In [8]: print(result.stdout)
PING 8.8.8.8 (8.8.8.8) 56(84) bytes of data.
64 bytes from 8.8.8.8: icmp_seq=1 ttl=43 time=55.5 ms
64 bytes from 8.8.8.8: icmp_seq=2 ttl=43 time=54.6 ms
64 bytes from 8.8.8.8: icmp_seq=3 ttl=43 time=53.3 ms

--- 8.8.8.8 ping statistics ---
3 packets transmitted, 3 received, 0% packet loss, time 2003ms
rtt min/avg/max/mdev = 53.368/54.534/55.564/0.941 ms

telnetlib#

Depending on module, conversion between strings and bytes can be performed automatically or may be required explicitly.

For example, telnetlib module must pass bytes to read_until and write methods:

import telnetlib
import time

t = telnetlib.Telnet('192.168.100.1')

t.read_until(b'Username:')
t.write(b'cisco\n')

t.read_until(b'Password:')
t.write(b'cisco\n')
t.write(b'sh ip int br\n')

time.sleep(5)

output = t.read_very_eager().decode('utf-8')
print(output)

Method returns bytes, so penultimate line uses decode.

pexpect#

Module pexpect waits for a string as an argument and returns bytes:

In [9]: import pexpect

In [10]: output = pexpect.run('ls -ls')

In [11]: output
Out[11]: b'total 8\r\n4 drwxr-xr-x 2 vagrant vagrant 4096 Aug 28 12:16 concurrent_futures\r\n4 drwxr-xr-x 2 vagrant vagrant 4096 Aug  3 07:59 iterator_generator\r\n'

In [12]: output.decode('utf-8')
Out[12]: 'total 8\r\n4 drwxr-xr-x 2 vagrant vagrant 4096 Aug 28 12:16 concurrent_futures\r\n4 drwxr-xr-x 2 vagrant vagrant 4096 Aug  3 07:59 iterator_generator\r\n'

And it also supports encoding parameter:

In [13]: output = pexpect.run('ls -ls', encoding='utf-8')

In [14]: output
Out[14]: 'total 8\r\n4 drwxr-xr-x 2 vagrant vagrant 4096 Aug 28 12:16 concurrent_futures\r\n4 drwxr-xr-x 2 vagrant vagrant 4096 Aug  3 07:59 iterator_generator\r\n'

Working with files#

Until now, when working with files, the following expression was used:

with open(filename) as f:
    for line in f:
        print(line)

But actually, when you read a file you convert bytes to a string.

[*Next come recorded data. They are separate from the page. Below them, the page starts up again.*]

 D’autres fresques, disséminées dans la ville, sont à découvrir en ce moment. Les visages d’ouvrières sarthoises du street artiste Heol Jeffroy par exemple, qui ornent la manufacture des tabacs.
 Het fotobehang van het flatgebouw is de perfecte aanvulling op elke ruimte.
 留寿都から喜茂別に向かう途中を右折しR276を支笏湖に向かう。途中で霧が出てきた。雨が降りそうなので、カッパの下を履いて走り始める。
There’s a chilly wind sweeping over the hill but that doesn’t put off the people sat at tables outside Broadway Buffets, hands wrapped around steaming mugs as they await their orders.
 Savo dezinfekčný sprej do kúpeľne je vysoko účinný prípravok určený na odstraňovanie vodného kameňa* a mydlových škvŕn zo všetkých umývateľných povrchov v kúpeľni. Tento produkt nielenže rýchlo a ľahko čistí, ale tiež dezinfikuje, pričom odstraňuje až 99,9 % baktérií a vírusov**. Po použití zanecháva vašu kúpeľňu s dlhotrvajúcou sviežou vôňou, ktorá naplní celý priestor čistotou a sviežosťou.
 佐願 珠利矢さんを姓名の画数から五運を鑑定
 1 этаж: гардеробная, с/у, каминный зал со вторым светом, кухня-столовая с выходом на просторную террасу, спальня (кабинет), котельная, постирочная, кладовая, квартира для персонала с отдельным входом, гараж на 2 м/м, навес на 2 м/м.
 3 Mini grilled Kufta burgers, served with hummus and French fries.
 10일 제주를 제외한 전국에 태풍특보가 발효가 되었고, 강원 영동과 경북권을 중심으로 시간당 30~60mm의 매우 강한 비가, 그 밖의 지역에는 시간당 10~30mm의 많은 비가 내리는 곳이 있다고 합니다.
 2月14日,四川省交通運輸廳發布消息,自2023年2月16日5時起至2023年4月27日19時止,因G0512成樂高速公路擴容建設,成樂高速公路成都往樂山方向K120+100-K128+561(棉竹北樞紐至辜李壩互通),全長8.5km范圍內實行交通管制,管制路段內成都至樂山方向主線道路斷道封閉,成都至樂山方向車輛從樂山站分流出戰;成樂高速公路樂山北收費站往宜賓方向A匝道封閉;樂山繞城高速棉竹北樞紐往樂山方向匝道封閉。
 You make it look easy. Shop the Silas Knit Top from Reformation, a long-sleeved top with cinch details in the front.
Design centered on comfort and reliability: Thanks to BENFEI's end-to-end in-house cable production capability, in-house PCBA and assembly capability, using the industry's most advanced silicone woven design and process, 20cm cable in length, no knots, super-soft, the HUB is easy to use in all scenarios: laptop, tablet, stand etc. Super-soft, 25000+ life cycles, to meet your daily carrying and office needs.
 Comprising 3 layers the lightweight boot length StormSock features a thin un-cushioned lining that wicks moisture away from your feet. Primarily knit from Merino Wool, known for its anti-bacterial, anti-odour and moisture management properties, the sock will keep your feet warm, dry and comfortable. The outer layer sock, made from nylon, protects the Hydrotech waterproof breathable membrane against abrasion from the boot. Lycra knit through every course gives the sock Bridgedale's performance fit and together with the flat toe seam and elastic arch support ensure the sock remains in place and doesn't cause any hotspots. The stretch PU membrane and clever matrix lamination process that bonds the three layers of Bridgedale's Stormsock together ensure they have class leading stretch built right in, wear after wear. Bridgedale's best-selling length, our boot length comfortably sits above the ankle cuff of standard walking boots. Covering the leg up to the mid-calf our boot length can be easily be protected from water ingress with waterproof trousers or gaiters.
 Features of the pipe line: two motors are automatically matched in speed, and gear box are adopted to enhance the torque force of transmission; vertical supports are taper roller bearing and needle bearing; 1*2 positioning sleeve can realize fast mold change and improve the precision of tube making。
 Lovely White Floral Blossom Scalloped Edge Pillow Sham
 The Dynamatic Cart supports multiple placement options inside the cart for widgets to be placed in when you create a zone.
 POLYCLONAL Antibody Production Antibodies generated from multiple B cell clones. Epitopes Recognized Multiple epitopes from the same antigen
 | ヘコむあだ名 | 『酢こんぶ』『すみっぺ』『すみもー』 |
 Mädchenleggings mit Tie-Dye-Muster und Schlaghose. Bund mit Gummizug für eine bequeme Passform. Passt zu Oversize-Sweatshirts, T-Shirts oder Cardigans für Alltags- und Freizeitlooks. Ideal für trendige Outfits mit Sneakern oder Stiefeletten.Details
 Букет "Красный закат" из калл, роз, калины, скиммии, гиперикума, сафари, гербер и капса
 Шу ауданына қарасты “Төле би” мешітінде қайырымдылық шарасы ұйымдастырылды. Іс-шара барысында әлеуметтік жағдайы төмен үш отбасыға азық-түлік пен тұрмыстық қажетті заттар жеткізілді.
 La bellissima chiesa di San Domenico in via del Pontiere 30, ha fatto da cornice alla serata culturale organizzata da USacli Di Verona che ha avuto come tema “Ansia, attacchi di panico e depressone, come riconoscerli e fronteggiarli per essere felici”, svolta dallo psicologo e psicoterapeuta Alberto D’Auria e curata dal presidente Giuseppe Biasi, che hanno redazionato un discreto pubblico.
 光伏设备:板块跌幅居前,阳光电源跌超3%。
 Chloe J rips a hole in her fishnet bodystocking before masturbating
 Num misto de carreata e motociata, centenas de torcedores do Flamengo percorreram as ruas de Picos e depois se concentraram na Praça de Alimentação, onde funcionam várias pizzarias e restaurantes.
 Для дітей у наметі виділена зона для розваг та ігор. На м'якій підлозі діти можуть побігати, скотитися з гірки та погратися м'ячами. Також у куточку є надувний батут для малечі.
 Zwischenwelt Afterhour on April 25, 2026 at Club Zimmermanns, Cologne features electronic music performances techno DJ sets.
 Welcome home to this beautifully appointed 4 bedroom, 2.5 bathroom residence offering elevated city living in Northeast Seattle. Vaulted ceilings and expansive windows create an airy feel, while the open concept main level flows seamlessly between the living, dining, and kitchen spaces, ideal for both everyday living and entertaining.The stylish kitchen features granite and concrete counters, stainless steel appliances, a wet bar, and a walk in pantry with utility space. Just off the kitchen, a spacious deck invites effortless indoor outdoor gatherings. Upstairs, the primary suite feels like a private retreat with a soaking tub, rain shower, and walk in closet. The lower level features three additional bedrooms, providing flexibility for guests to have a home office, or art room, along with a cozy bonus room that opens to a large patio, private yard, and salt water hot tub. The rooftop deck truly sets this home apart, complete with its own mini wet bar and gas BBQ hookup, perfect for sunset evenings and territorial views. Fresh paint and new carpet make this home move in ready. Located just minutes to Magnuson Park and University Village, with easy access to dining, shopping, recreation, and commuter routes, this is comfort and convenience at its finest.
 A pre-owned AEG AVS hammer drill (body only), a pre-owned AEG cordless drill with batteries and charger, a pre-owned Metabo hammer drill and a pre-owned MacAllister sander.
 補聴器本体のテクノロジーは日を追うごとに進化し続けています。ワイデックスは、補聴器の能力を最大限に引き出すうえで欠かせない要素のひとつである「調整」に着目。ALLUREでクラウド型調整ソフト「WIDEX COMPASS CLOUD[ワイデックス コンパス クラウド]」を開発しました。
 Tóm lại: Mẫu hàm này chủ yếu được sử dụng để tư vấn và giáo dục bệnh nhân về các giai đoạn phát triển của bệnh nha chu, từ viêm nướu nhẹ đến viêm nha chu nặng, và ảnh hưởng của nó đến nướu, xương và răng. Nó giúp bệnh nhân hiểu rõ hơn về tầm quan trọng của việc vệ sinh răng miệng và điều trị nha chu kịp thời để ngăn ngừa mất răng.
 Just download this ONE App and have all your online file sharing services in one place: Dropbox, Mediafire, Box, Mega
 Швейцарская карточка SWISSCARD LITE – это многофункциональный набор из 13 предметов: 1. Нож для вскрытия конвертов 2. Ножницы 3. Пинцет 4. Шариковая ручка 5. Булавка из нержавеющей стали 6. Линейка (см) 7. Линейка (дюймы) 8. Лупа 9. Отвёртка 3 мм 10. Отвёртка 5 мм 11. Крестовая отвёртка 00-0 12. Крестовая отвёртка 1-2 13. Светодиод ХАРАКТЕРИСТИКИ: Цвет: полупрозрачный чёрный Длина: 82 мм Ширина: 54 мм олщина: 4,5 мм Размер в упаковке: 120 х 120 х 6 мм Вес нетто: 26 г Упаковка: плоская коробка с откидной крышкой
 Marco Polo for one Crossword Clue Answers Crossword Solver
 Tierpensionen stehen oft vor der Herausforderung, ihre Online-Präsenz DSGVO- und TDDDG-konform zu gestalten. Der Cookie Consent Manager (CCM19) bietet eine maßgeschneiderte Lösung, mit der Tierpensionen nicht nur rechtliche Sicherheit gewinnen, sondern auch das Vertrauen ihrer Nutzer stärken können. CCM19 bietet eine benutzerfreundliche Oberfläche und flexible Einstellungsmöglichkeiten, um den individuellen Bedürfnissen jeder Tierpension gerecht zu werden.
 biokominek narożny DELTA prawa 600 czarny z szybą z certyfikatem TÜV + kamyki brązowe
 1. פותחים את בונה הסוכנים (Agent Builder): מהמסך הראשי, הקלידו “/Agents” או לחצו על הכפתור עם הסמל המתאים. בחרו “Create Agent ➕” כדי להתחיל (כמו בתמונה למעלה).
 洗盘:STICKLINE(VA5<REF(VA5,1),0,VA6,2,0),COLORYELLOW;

And default encoding was used:

In [1]: import locale

In [2]: locale.getpreferredencoding()
Out[2]: 'UTF-8'

Default encoding in file:

In [2]: f = open('r1.txt')

In [3]: f
Out[3]: <_io.TextIOWrapper name='r1.txt' mode='r' encoding='UTF-8'>

When working with files it is better to specify encoding explicitly because it may differ in different operating systems:

In [4]: with open('r1.txt', encoding='utf-8') as f:
   ...:     for line in f:
   ...:         print(line, end='')
   ...:
!
service timestamps debug datetime msec localtime show-timezone year
service timestamps log datetime msec localtime show-timezone year
service password-encryption
service sequence-numbers
!
no ip domain lookup
!
ip ssh version 2
!

Conclusion#

These examples are shown here to show that different modules can treat the issue of conversion between strings and bytes differently. And different functions and methods of these modules can expect arguments and return values of different types. However, all of these items are in documentation.